“Kids these days don’t like to read – they just want to be in front of a screen!”
“I loved reading as a kid, but my child would rather do anything than sit down with a book. Where did I go wrong?”
“My kid gets extra frustrated with reading homework. They just won’t put any effort into that class.”
If this sounds like you, you may have a reluctant reader on your hands. Kids are usually reluctant to read for one of two reasons:
- There could be something going on with their mastery of phonics and phonemic awareness. This makes reading hard and not enjoyable, and therefore your child is reluctant to try.
2. Your child hasn’t found their reading sweet spot. Even though they don’t have trouble sounding out words, they don’t read for a long time, get bored quickly, or show a lot of resistance to picking up a book and starting to read.
If you have a hunch it could be the first reason (for example, your kid struggles to sound out words or to read aloud fluently), then check out my previous post about seeking out explicit, skills-based instruction around phonics and phonemic awareness or reach out to me to discuss further.
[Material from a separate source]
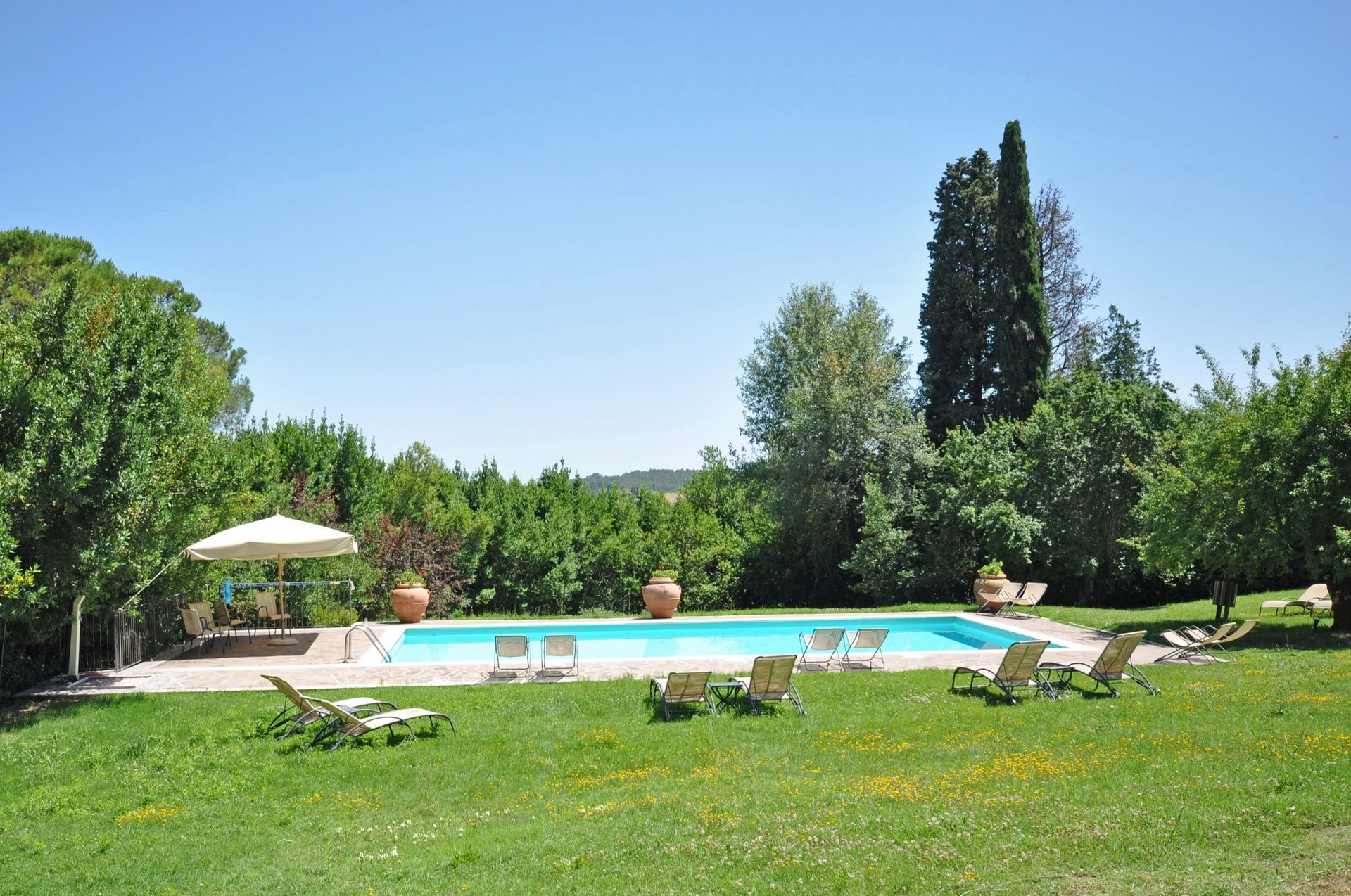 Distances: Piazze with shops of all kinds 2 km away, San Casciano dei Bagni (renowned thermal springs) 9 km, Cetona 10 km away, Chiusi (train station) 15 km, Montepulciano 35 km away, Orvieto 40 km, Pienza 50 km away, Perugia 50 km, Assisi 75 km away, the Tuscan coast (Maremma and Argentario) about 110 km, Florence 160 km, Rome 160 km away.

Until your child has these skills, reading will continue to be a hardship.
If you think it could be a motivation issue, I’ve got a great resource for you to turn your child into a motivated, resilient reader!
The Reading Preferences Survey helps you discover your child’s reading style. Do they have a favorite spot at home to read? A favorite genre? A preferred mode of reading?
Many parents have experienced big shifts using this survey to have a conversation around reading with their child. From where they read, to what they read, to how they read, getting into the details with them will help you figure out what’s next on their reading journey.
Armed with this new information, take a trip to the library and find books that reflect their reading preferences, create a safe, warm space at home to read, or follow their lead based on your new open conversation around reading.
Make sure to offer them several choices, so they feel listened to and empowered to make their own reading choices.
And, a reminder to stay open about what “counts” as reading: graphic novels, how-to books, and image-heavy non-fiction books are just as valuable as chapter books, especially if they get your child excited about reading!
In the meantime, use the Reading Preferences Survey to reach your reluctant reader and marvel at the change in energy in your home around reading!